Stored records

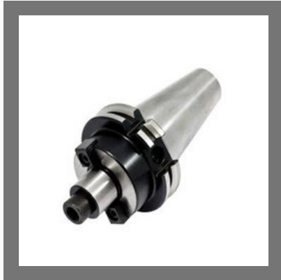
Face Mill Arbor
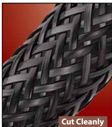
Cut Cleanly Hot Knife
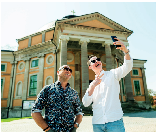
The Trinity Church (German Church).
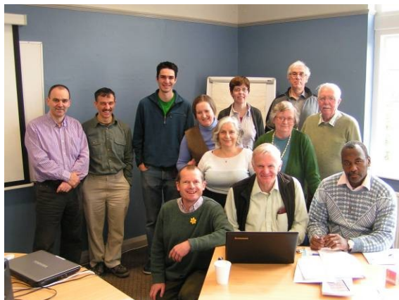
Some of the attendees at the UK conference

Conferences Report The VM conferences in Texas in the USA and in Derbyshire in the UK both went well and are now over. I hope to have a fuller report plus information on how to get to see videos of some presentations and papers in the next Bulletin (May 2012). Please send me your input regarding ‘where to go now’, as we are considering future activities in the light of the success of recent conferences. (Write to jim@vulnerablemission.org )

**Problem requirements:** Give back every record exactly, dropping its pictures.

**Written answer:**
Face Mill Arbor
Cut Cleanly Hot Knife
The Trinity Church (German Church).
Some of the attendees at the UK conference

Conferences Report The VM conferences in Texas in the USA and in Derbyshire in the UK both went well and are now over. I hope to have a fuller report plus information on how to get to see videos of some presentations and papers in the next Bulletin (May 2012). Please send me your input regarding ‘where to go now’, as we are considering future activities in the light of the success of recent conferences. (Write to jim@vulnerablemission.org )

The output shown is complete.